Observing the outcome, we can quickly deduce that the bar on the far left is representative of the cells with the XX karyotype and the rest represent cells from male embryos.
To check weather Y-linked genes are ubiquitously expressed at all stages of preimplantation embryos, we foremost have to elect the cells with XY karyotype. We utilise the Data Table widget and sort the cells according to their score for Y-linked genes. Judging from the distribution, a good cut off mark for the XY cells seems to lie between 0.1 and 0.2, therefore we select cells with the score of at least 0.2. The Box Plot widget reveals an increase between E3 (day 3) and E4 (day 4).
As demonstrated by Petropoulos et al. this is due to incomplete zygotic genome activation at E3, since cells at this stage still contain lingering maternal transcripts.
The best way to visualise the cells, we determined to have XY karyotype, is t-SNE. To separate cells with XY karyotype from those with XX karyotype, we use the Select Rows widget. We select the same cut off mark for the XY cells as before: 0.2, then we proceed to transfer all the data from the Select Rows widget to t-SNE widget.

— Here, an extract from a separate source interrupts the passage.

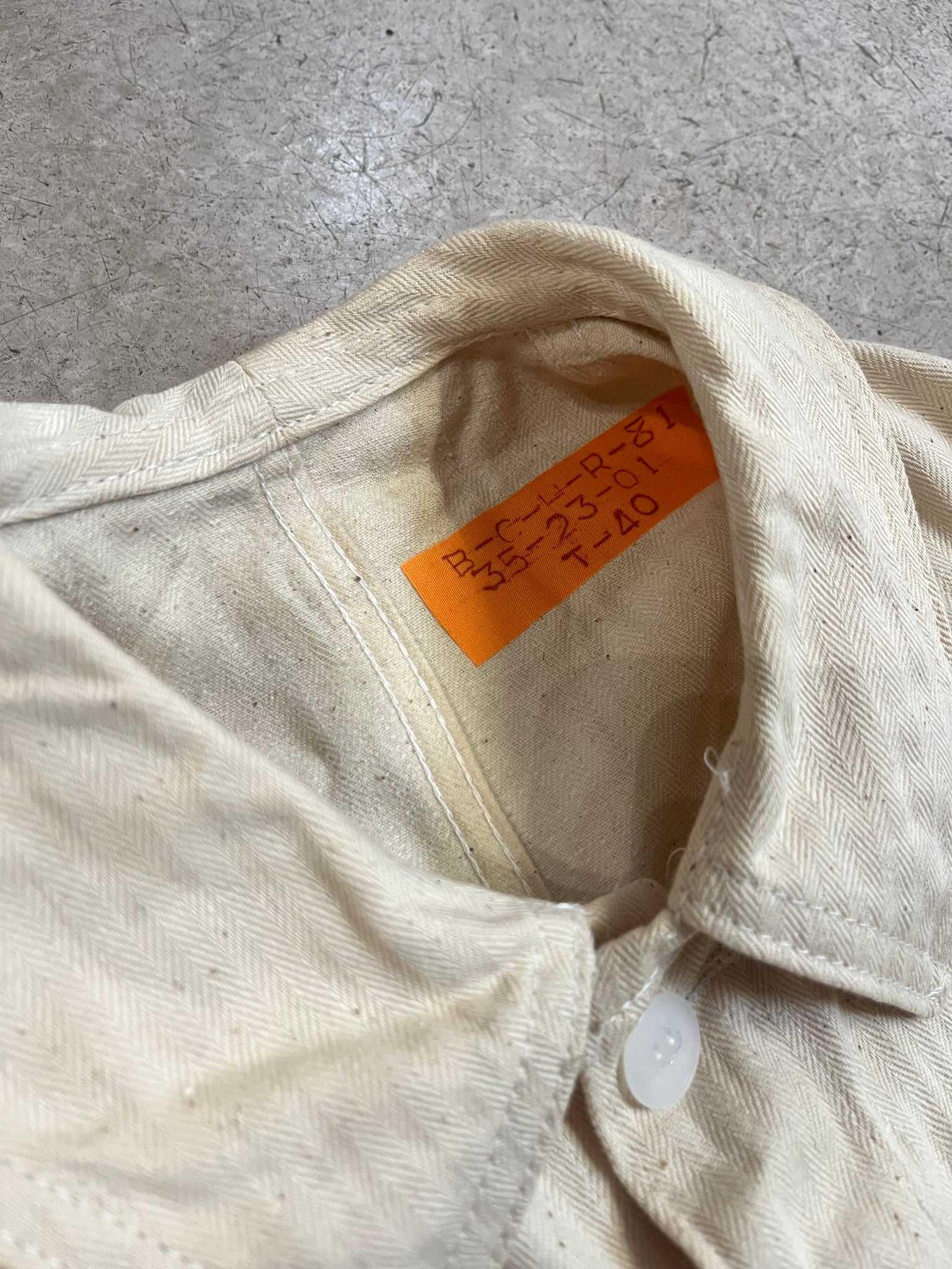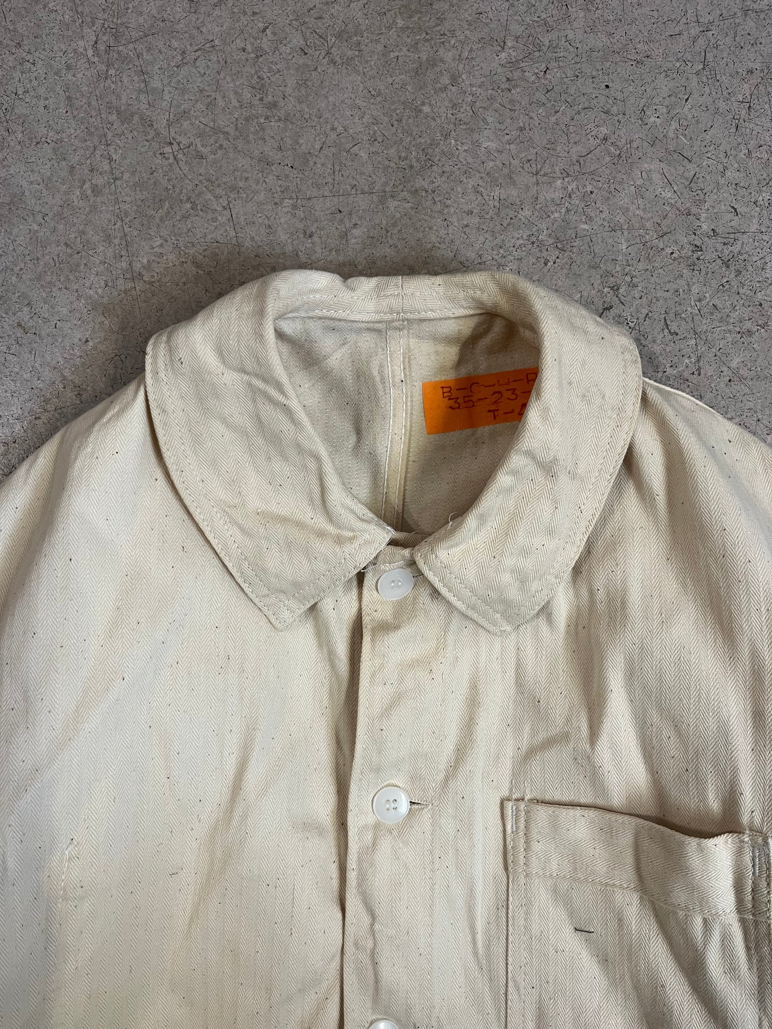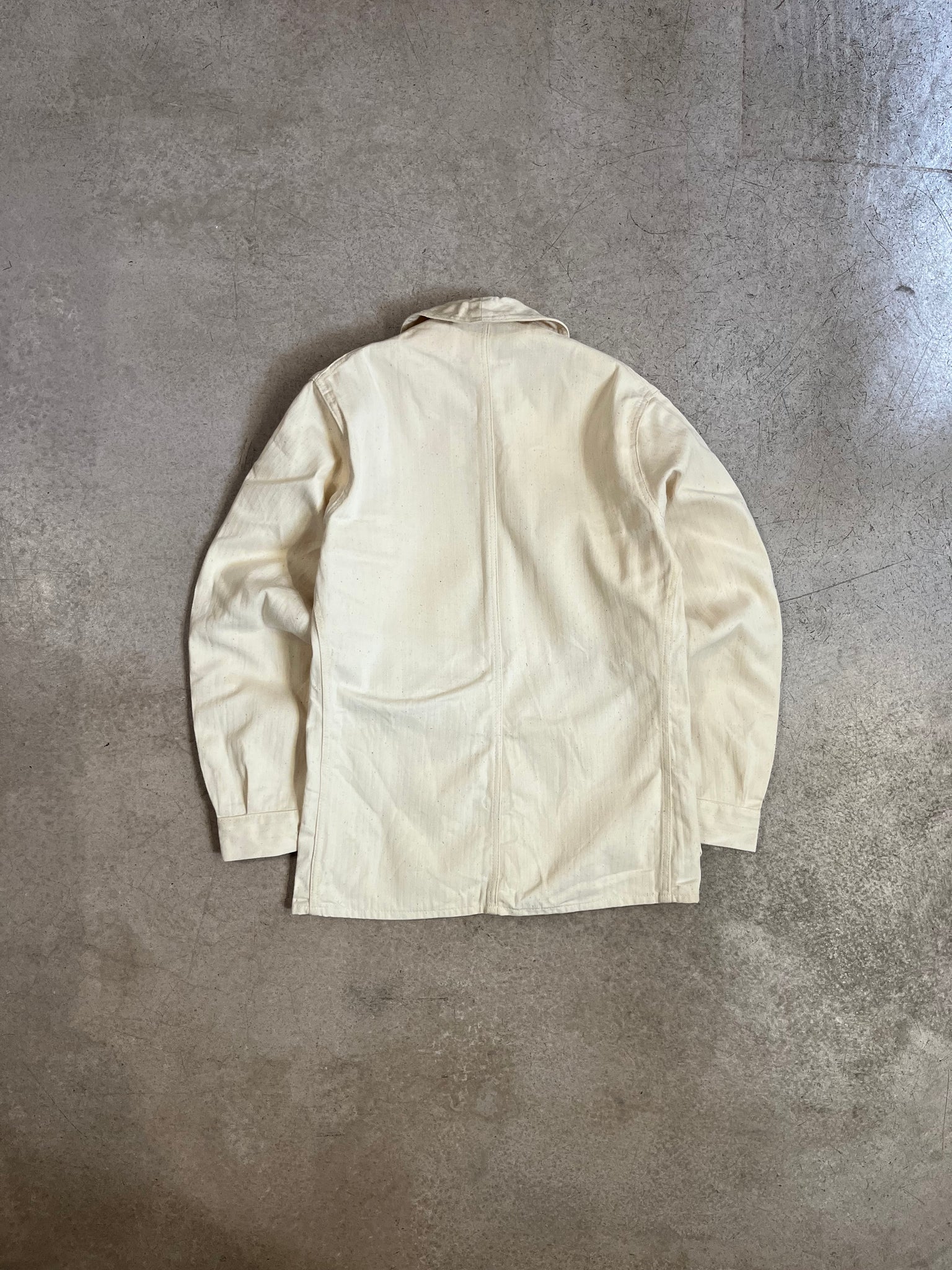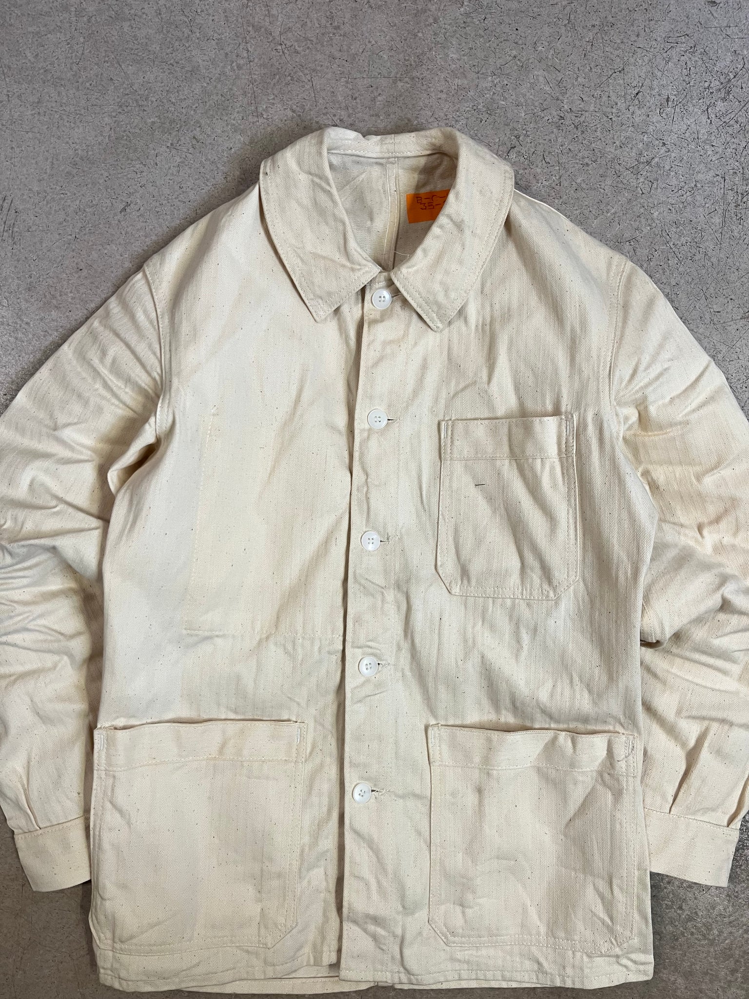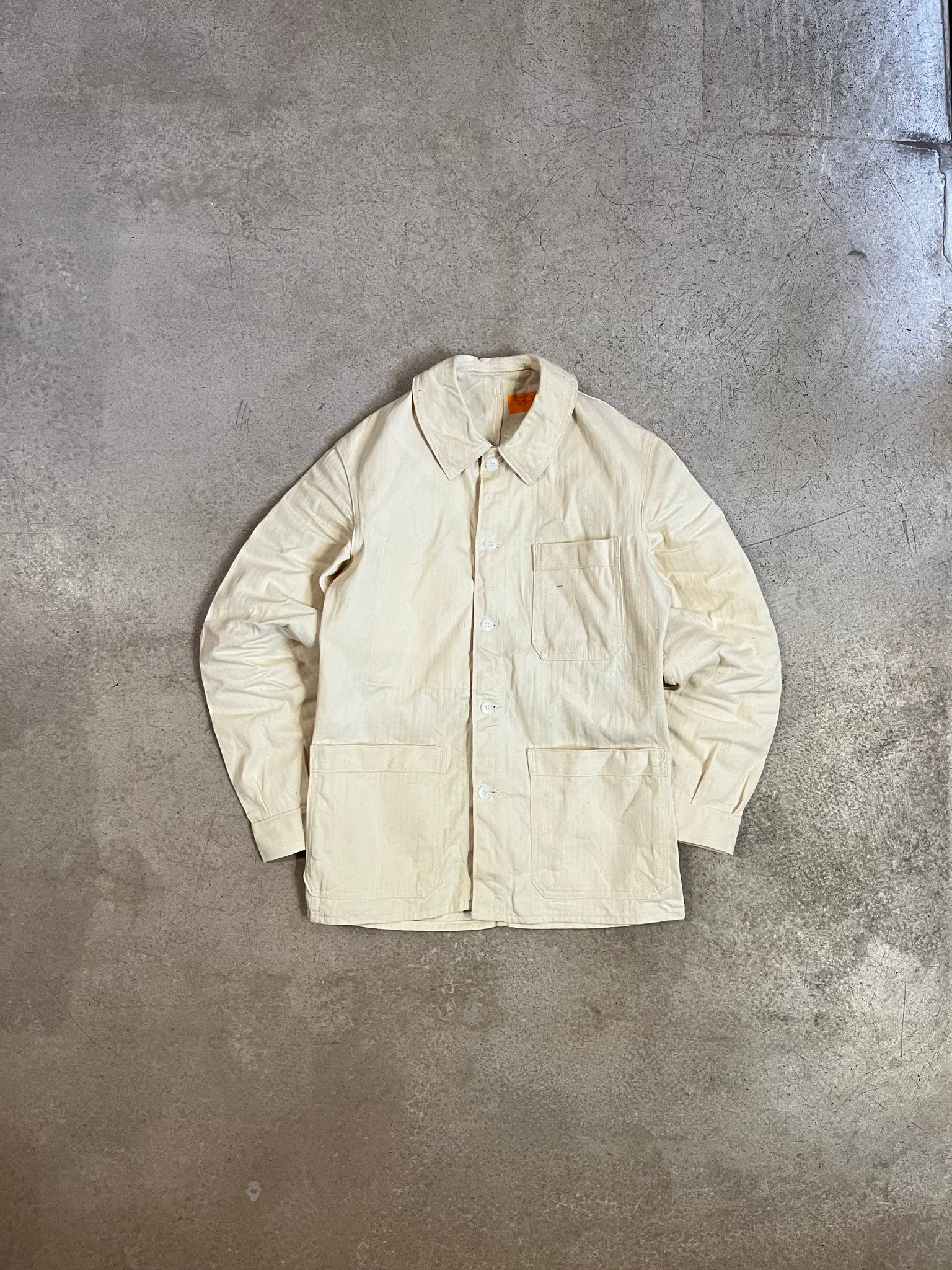 Veste de travail vintage à chevrons et de couleur crème. Il s'agit d'un modèle neuf de stock. Mais puisqu'elle comportait des traces de stockage, nous l'avons lavée.

In t-SNE widget we colour cells according to their class, size them according to their score and chose shape to separate the cells with XY karyotype we selected in Select Rows widget from those with XX karyotype.
Samples from all timepoints include male (Yes) and female (No) embryos.
Additionally, we can check expression of X-linked genes to exclude any cells with too low overall expression profiles and asses the possibility of X0 karyotype. We aproach this the same way as before; by selecting X-linked genes (AMELX, DDX3X, EIF1AX,KDM5C, PCDH11X, RPS4X, SOX3, USP9X, UTX) in a separate Data Table and scoring cells with them.
Some of the cells seem to have suspiciously low expression of X chromosome. A probable reason for this observation could be that at least one of the embryos in this dataset has X0 karyotype.
To see just how few of the cells exhibit X0 karyotype, we select cells with score of at least 1 in Select Rows widget and use the same displaying options as before in t-SNE widget.
Most of the cells with X0 karyotype (displayed as No) appear to be in the E5 sampling cluster, which is the exact sampling time where Petropoulos et al. identified one embryo with Turner syndrome.
In conclusion, today we have showed how scOrange can be used to sort cells by karyotype and study time of activation of chromosomes in human preimplantation embryos.
Petropoulos, S., Edsgärd, D., Reinius et al. (2016). Single-Cell RNA-Seq Reveals Lineage and X Chromosome Dynamics in Human Preimplantation Embryos. Cell, 165(4), 1012–1026.